GP targets the virus to certain cell types, deforms the endothelium, and destroys antigen presentation. ZMapp, the drug being given to a handful of infected people ahead of human testing because it worked in macaques, counters GP. It consists of three monoclonal antibodies produced in tobacco cells.
VP24 cuts off the host transcription factor STAT1, which is required to use gamma interferon, according to a recent report in Cell Host & Microbe. And VP40 protein, because it forms the outside of the virus, should elicit an antibody response, only it usually doesn’t.
The power of a virus such as Ebola tends to evoke anthropomorphism. But the virus isn’t intentionally trying to kill people, as one prominent researcher told the New York Times, calling the virus “a survivor. It does what it can to avoid the human immune system.” It doesn’t think.
Another type of survivor might provide the clues necessary to stop the current epidemic: people whose immune systems can fight off the virus.
LEARNING FROM SURVIVORS
Just as HIV antivirals were developed using clues from people who never became infected despite repeated exposure, a solution to Ebola hemorrhagic fever might lie among individuals who recover.

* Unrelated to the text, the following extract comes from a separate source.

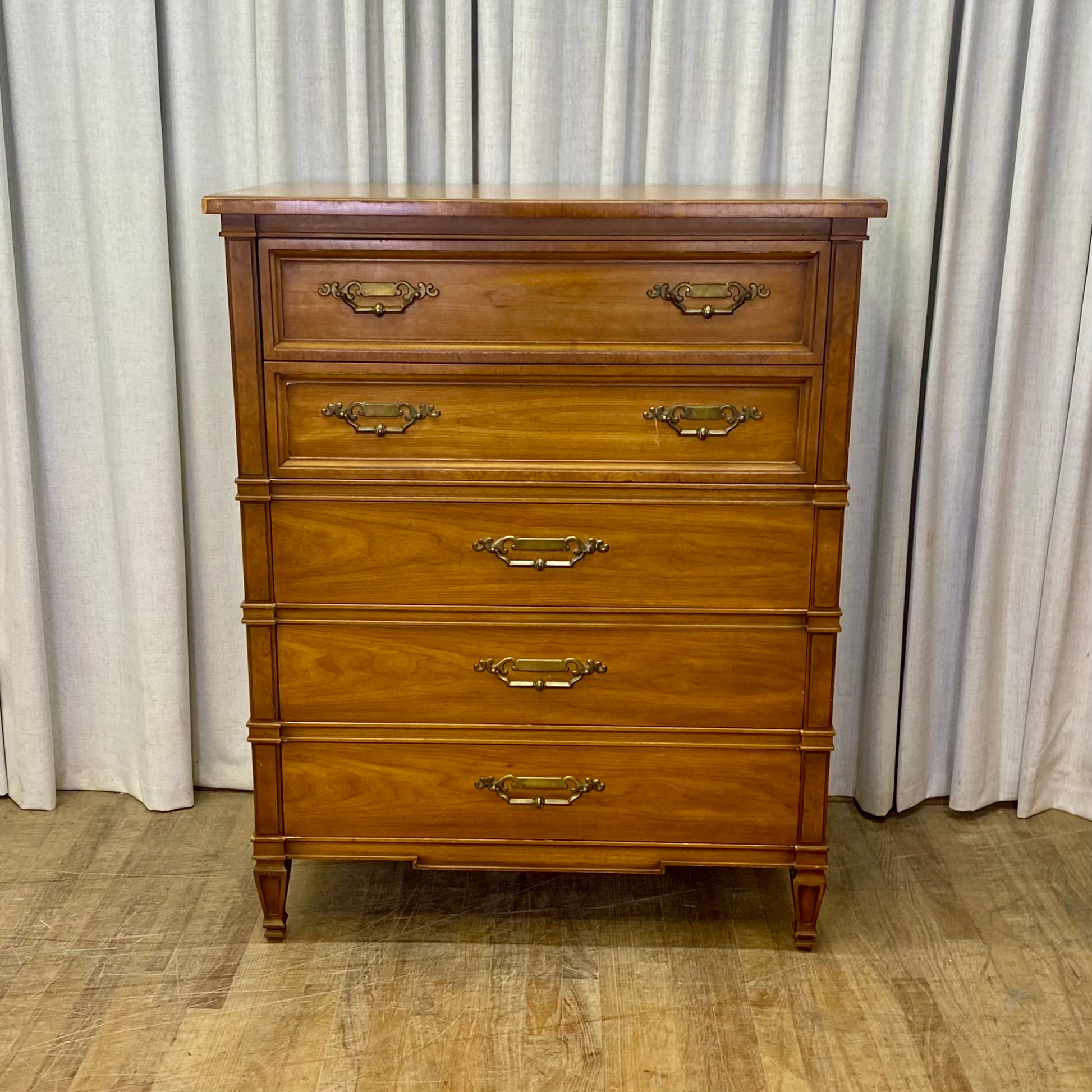 Directoire Style Chest by Drexel brings timeless elegance to any room. This classic piece features refined proportions and traditional craftsmanship. Measuring 38"W x 20"D x 48"H, it offers substantial storage without overwhelming your space. Perfect for bedrooms, living rooms, or entryways, this chest combines functional design with sophisticated style that complements both modern and traditional décor.
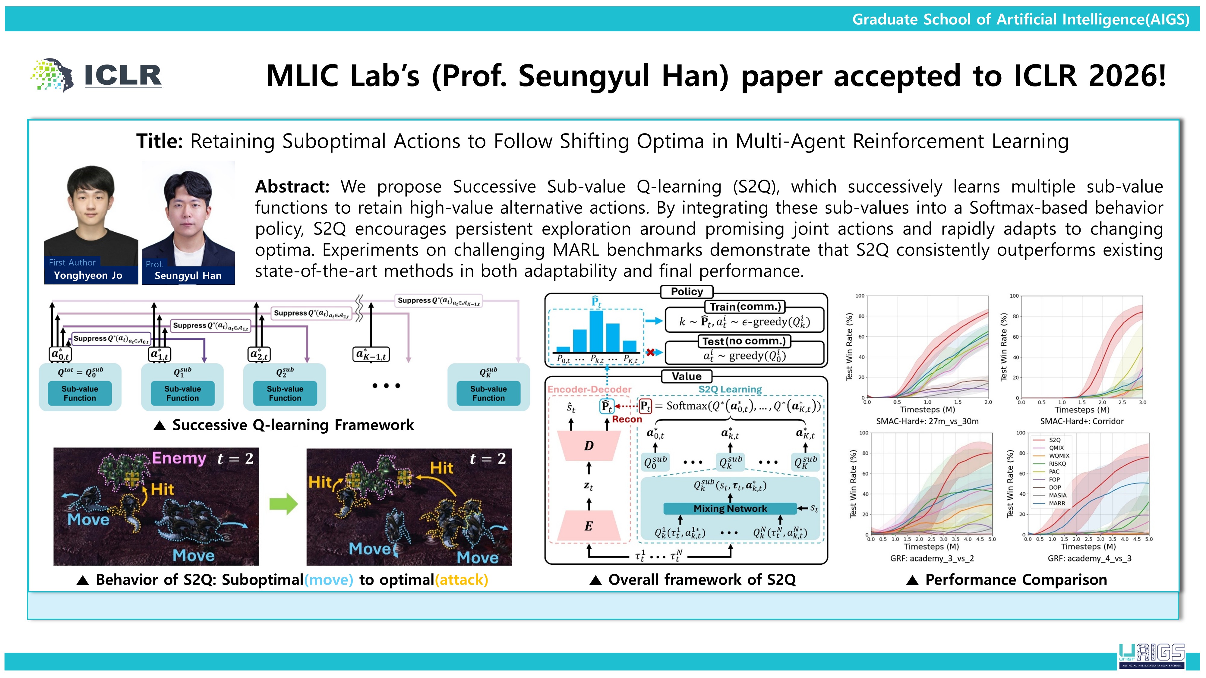 MLIC Lab’s (Prof. Seungyul Han) paper accepted to ICLR 2026!_Retaining Suboptimal Actions to Follow Shifting Optima in Multi-Agent Reinforcement Learning

Survivors have 10 million viruses per milliliter of blood serum; people who succumb have 10 billion. So far we know that the immune response in people who survive is subtly distinctive, the innate response turning off at a specific point and the adaptive response beginning in time to help, neither becoming overactive. Identifying biomarkers may reveal the specifics that drive resistance, such as an adhesion factor that re-attaches torn endothelium.
Ebola hemorrhagic fever is the consequence of runaway viral replication against a backdrop of a strangely deranged immune response. We know the viral genome sequence, and I’m sure the genome sequences of survivors are being or will soon be sequenced. I hope it is only a matter of time until researchers deduce how variations of the 20,000-gene human genome or its expression resist the 7-gene genome of Ebola virus, and figure out how to replicate the response.
Until they do, I’m petrified. I just got an email sent from Eman’s phone — from Joseph, August 20.
“Eman walked to the hospital today because according to him, he is not doing well. He called me up in pain. Luckily, its not Ebola. We were so scared. He’s admitted. No word yet. I will keep you informed. Joseph”
Update Sunday August 24: Eman is still in the hospital, but he “only” has hookworms and malaria (which he always seems to have). When he gets out tomorrow, he plans to volunteer with MSF to fight Ebola.